Cloudflare Docs
SSL/TLS
SSL/TLS
Edit this page on GitHub
Set theme to dark (⇧+D)

How Authenticated Origin Pulls works

​​ Simple explanation

When visitors request content from your domain, Cloudflare first attempts to serve content from the cache. If this attempt fails, Cloudflare sends a request — or an origin pull — back to your origin web server to get the content.

Authenticated Origin Pulls makes sure that all of these origin pulls come from Cloudflare. Put another way, Authenticated Origin Pulls ensures that any HTTPS requests outside of Cloudflare will not receive a response from your origin.

This block also applies for requests to unproxied DNS records in Cloudflare.

​​ Detailed explanation

Cloudflare enforces authenticated origin pulls by adding an extra layer of TLS client certificate authentication when establishing a connection between Cloudflare and the origin web server.

For more details, refer to the introductory blog post.


​​ Types of handshakes

For more details, refer to What is a TLS handshake?.

Standard TLS handshake

Diagram showing the Standard TLS handshake

Client authenticated TLS handshake

Diagram showing the client authenticated TLS handshake

​​ Comparison diagrams

Without Authenticated Origin Pulls, Cloudflare performs standard TLS handshakes between a client device and Cloudflare and Cloudflare and your origin. This is true even if you have Full or Full (strict) encryption modes enabled.

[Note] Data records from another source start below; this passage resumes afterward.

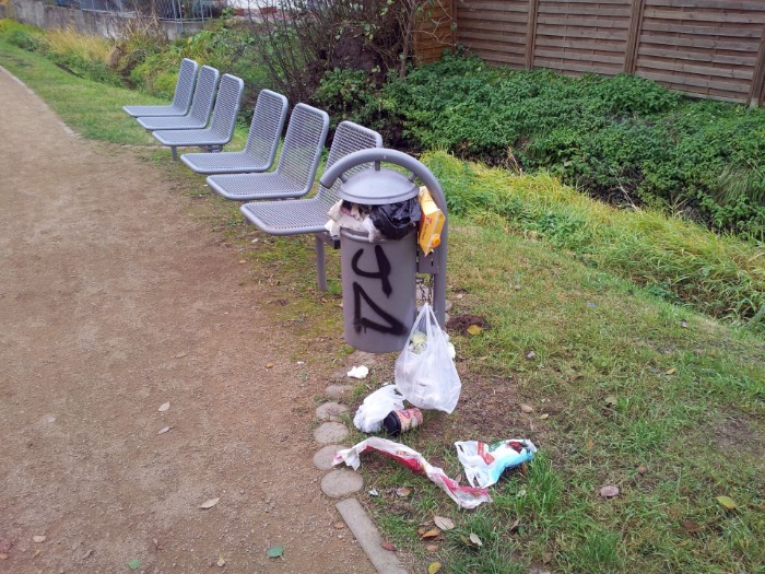 Was ist hier zu klein, dass kann doch nur der Mülleimer sein ! In lauen Sommernächten feiern hier Jugendlliche. "Große und kleine" Geschäfte werden auf unserem Gelände hinter den Gebäuden erledigt. Da hat man(n) beim Mähen des Grases so richtig Freude. |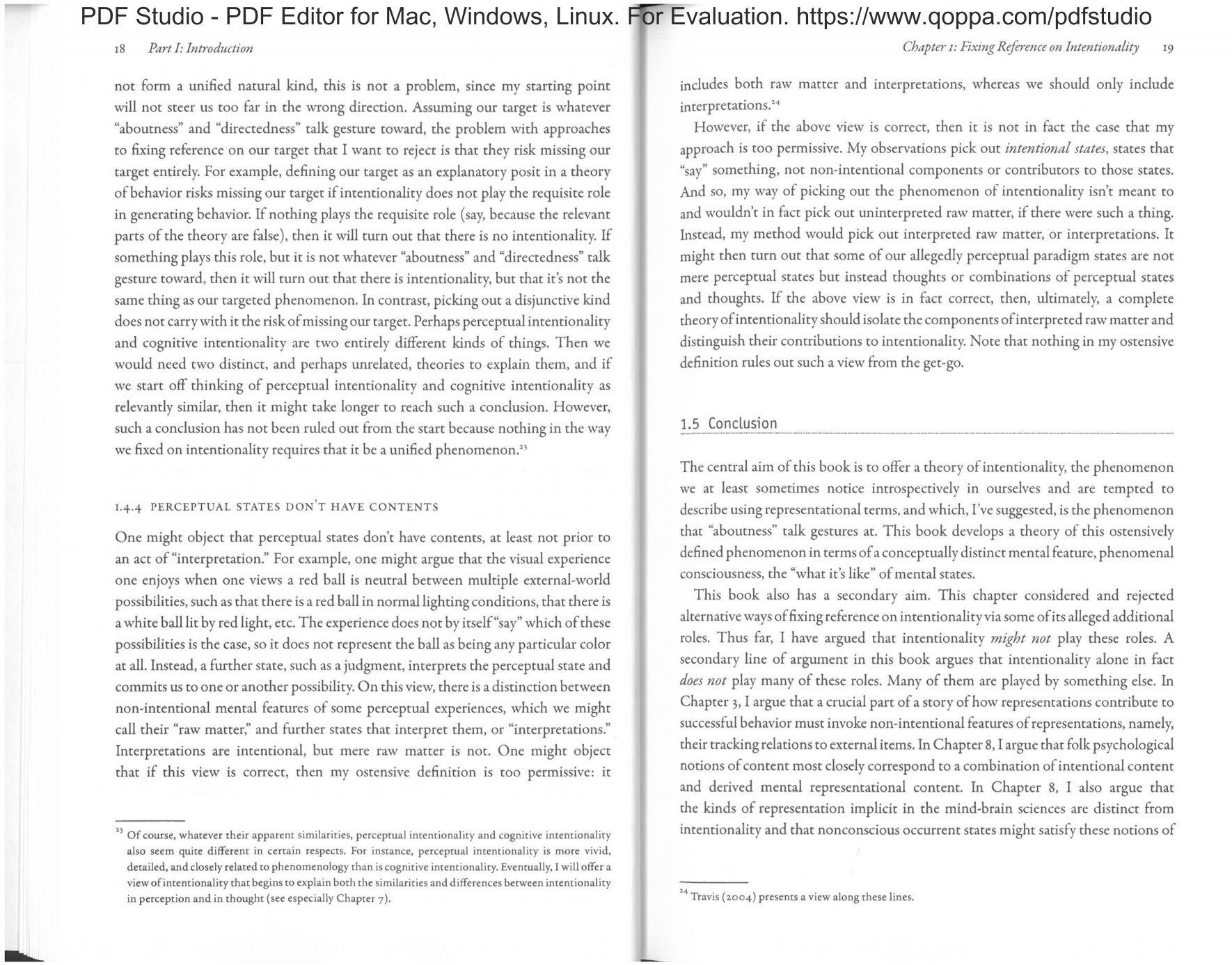 However, if the above view is correct. then it is not in fact the case that my approach is too permissive. My observations pick out intentional states, states that “say” something, not non-' ' components or contributors to those states. And so, my way of picking out the phenomenon of intentionality isn't meant to and wouldn't in fact pick out unintcrpreted raw matter. if there were such a thing. Instead, my method would pick out interpreted raw matter. or interpretations. It might then turn out that sotne of our allegedly perceptual paradigm states are not mere perceptual states but instead thoughts or combinations of perceptual states and thoughts. If the above view is in fact correct, then, ultimately, a complete theory of intentionality should isolate the components of interpreted raw matter and distinguish their contributions to intentionaliry. Note that nothing in my ostensive definition rules out such a view from the get-go.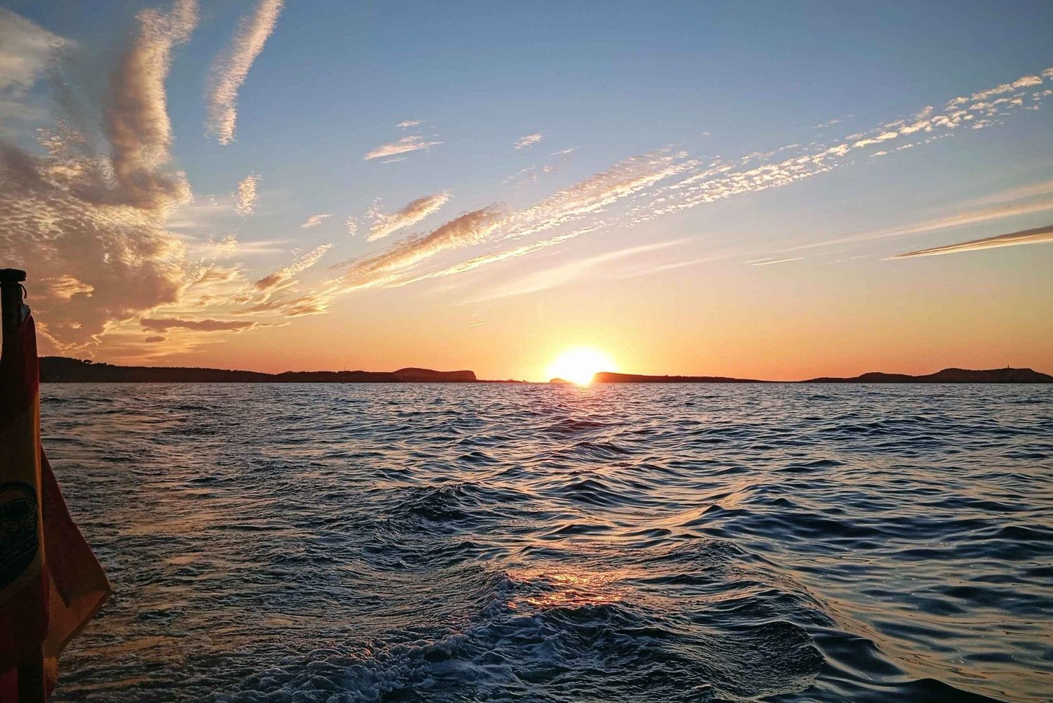 Cette incroyable expérience de plongée avec tuba au coucher du soleil en bateau autour de la côte ouest d'Ibiza est le moyen idéal pour découvrir la vie marine en toute sécurité et allier plaisir et détente. Cette expérience vous permettra de vous essayer à la plongée avec tuba ou à la natation dans deux criques magnifiques. Pendant la sortie en bateau, vous verrez de petites îles, des grottes, des récifs et des réserves naturelles le long du littoral pittoresque d'Ibiza. Alors que le bateau glisse sur les eaux cristallines, vous pourrez admirer des vues imprenables sur la côte accidentée et ses plages immaculées.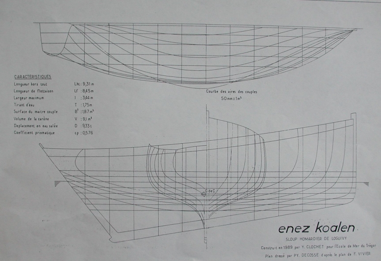 Plan de formes de 'Enez Koalen', d'après le plan de François Vivier (Pierre-Yves Decosse, collection particulière, Ecole de mer du Trégor)Immatriculation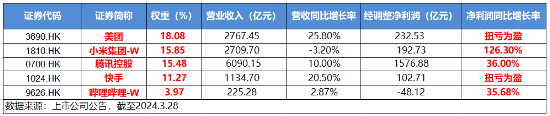 图:港股互联网ETF(513770)标的指数前五大权重股年报业绩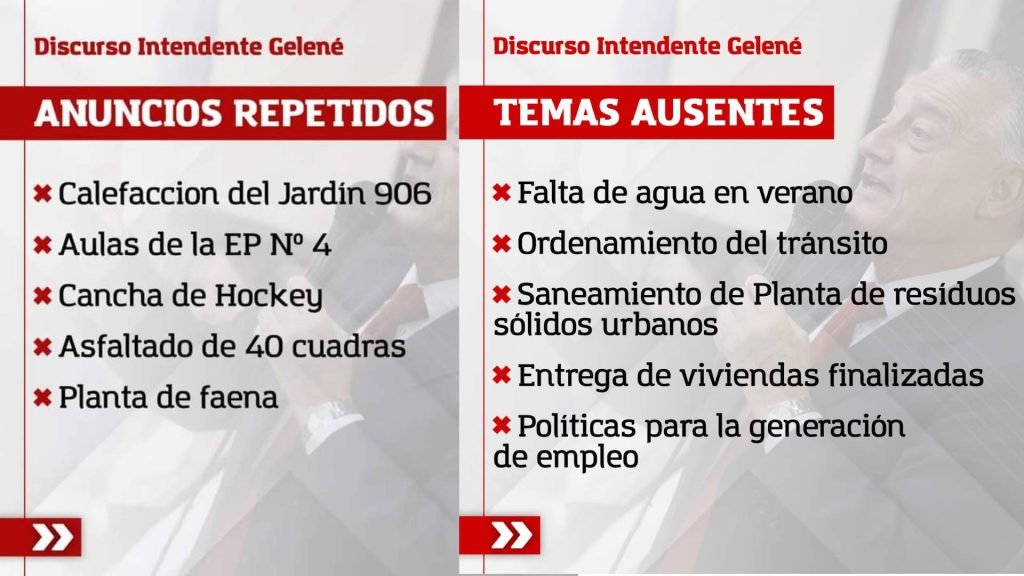 En un discurso lavado, con más repaso de lo hecho que con proyección hacia el futuro, y delegando responsabilidades en el gobierno Nacional, el intendente pasó por alto temas que son prioritarios y urgentes para nuestra ciudad, como lo son la falta de agua en gran parte de la ciudad en los meses de altas temperaturas; el reordenamiento del tránsito, aún contando con ordenanzas ya aprobadas por el HCD; la necesidad de políticas productivas que alienten el empleo privado; y la de entrega de viviendas terminadas, en un contexto de emergencia habitacional.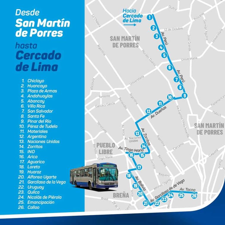 Este nuevo servicio recorrerá importantes vías como Garcilaso de la Vega, Venezuela, Arica, Óscar R. Benavides y Nicolás Dueñas, entre otras, con un total de 22 paraderos en dirección a San Martín de Porres y 26 en el sentido contrario.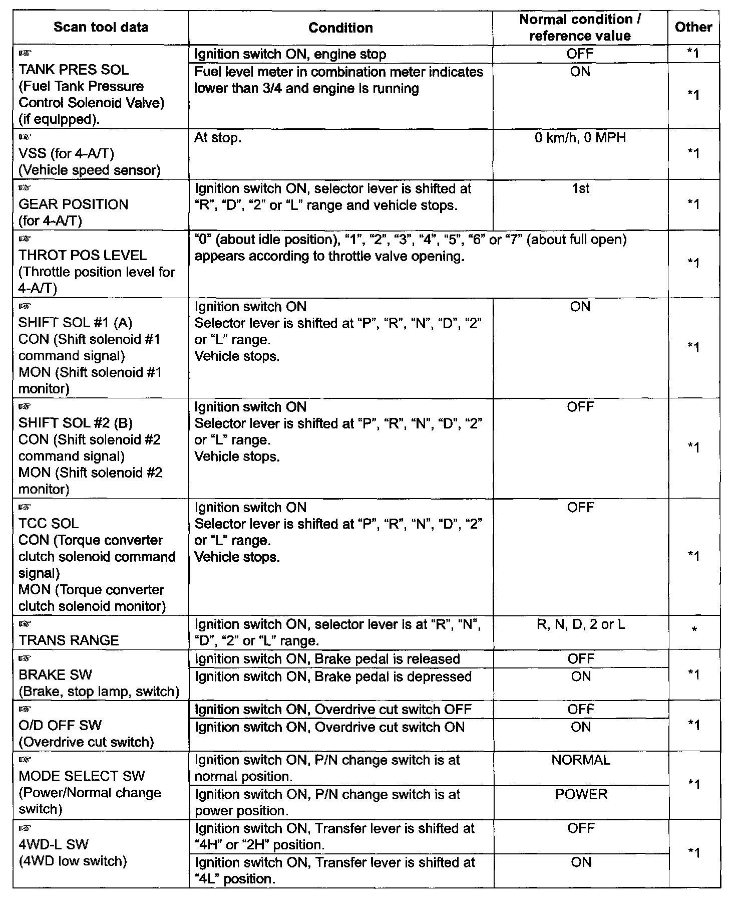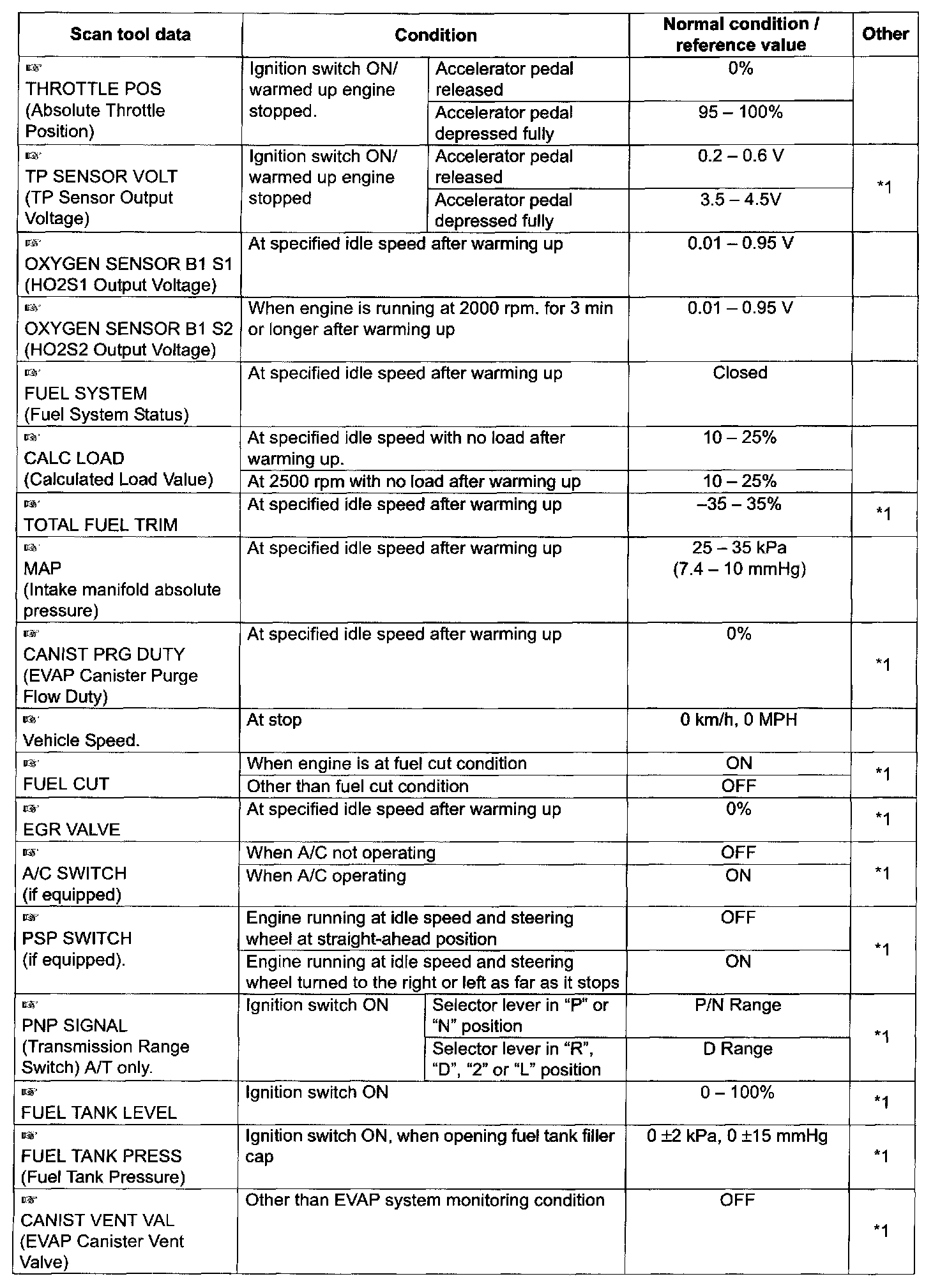 As the data values given are standard values estimated on the basis of values obtained from the normally operating vehicles by using a scan tool, use them as reference values. Even when the vehicle is in good condition, there may be cases where the checked value does not fall within each specified data range. Therefore, judgment as abnormal should not be made by checking with these data alone.

This lack of authentication means that - even if your origin is protected behind Cloudflare - attackers with your origin’s IP address will still receive a response from your origin for HTTPS requests.

With Authenticated Origin Pulls, Cloudflare performs standard TLS handshakes between a client device and Cloudflare, but a client-authenticated TLS handshake between Cloudflare and your origin.


This additional layer of authentication ensures that any HTTPS requests outside of Cloudflare will not receive a response from your origin.